- _ABOUT THIS TASK_
Output the lines from the top of the entries below to the line with "Pre-Pr I: Getting", both included, exactly and without pictures.

- _SOURCE DATA_
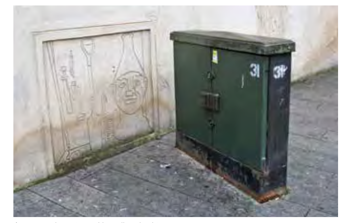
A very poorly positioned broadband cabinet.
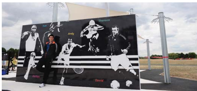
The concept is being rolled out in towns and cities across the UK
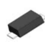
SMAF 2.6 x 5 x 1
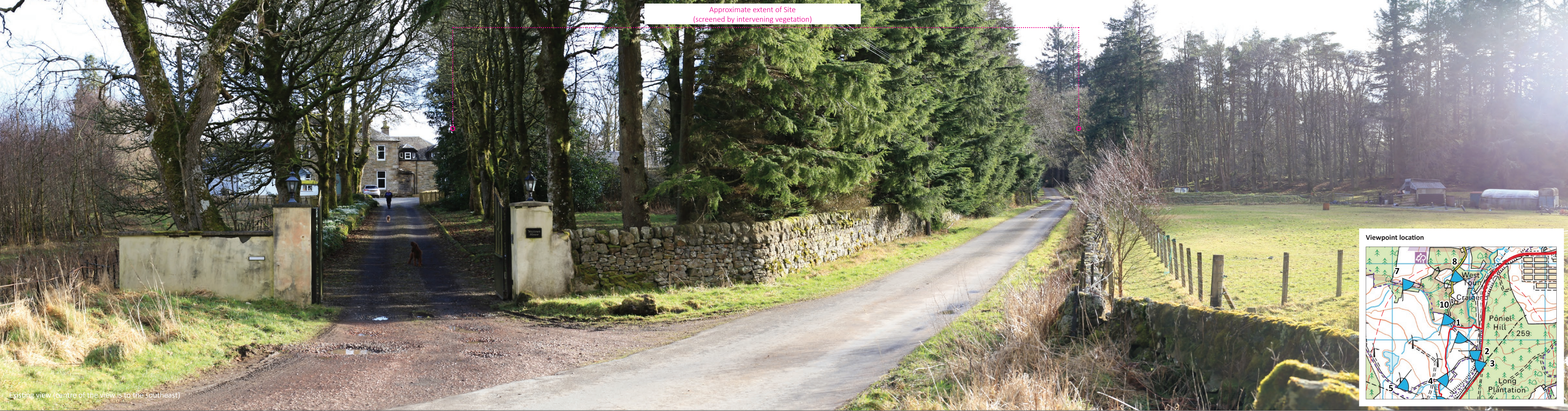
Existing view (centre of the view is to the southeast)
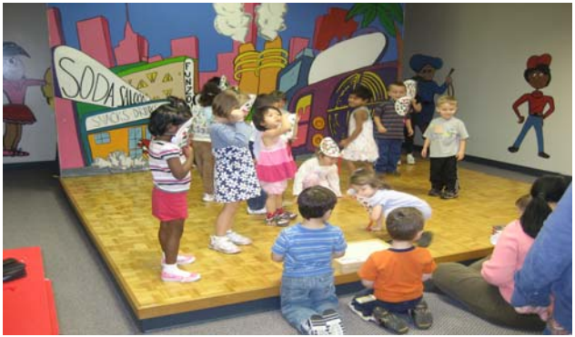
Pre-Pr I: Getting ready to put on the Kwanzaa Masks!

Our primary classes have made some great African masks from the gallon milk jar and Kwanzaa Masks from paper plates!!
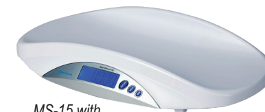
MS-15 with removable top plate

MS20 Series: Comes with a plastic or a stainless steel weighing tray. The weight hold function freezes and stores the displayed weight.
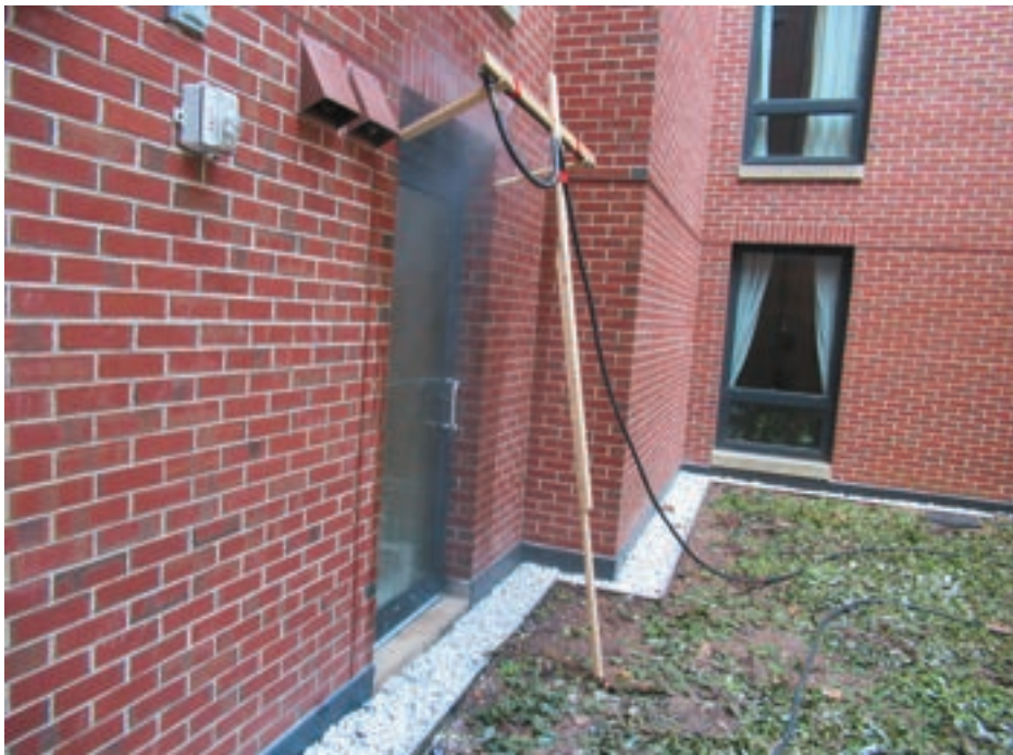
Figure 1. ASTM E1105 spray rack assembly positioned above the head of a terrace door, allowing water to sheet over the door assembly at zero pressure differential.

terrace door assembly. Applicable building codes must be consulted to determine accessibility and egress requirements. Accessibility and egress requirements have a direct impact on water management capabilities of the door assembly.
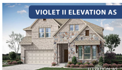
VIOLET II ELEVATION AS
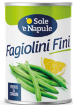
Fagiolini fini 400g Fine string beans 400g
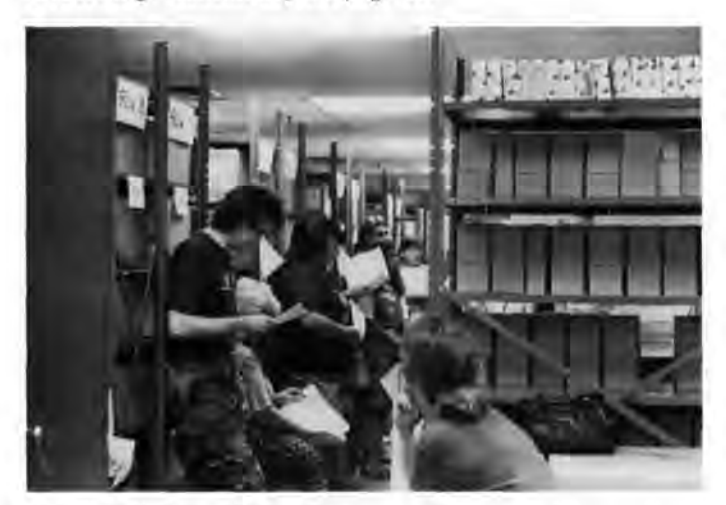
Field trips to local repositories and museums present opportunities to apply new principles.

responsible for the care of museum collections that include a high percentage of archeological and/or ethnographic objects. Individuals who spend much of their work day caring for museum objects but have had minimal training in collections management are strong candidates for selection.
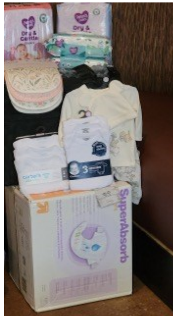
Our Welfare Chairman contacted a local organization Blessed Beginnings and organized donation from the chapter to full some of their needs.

- _EXPECTED ANSWER_
A very poorly positioned broadband cabinet.
The concept is being rolled out in towns and cities across the UK
SMAF 2.6 x 5 x 1
Existing view (centre of the view is to the southeast)
Pre-Pr I: Getting ready to put on the Kwanzaa Masks!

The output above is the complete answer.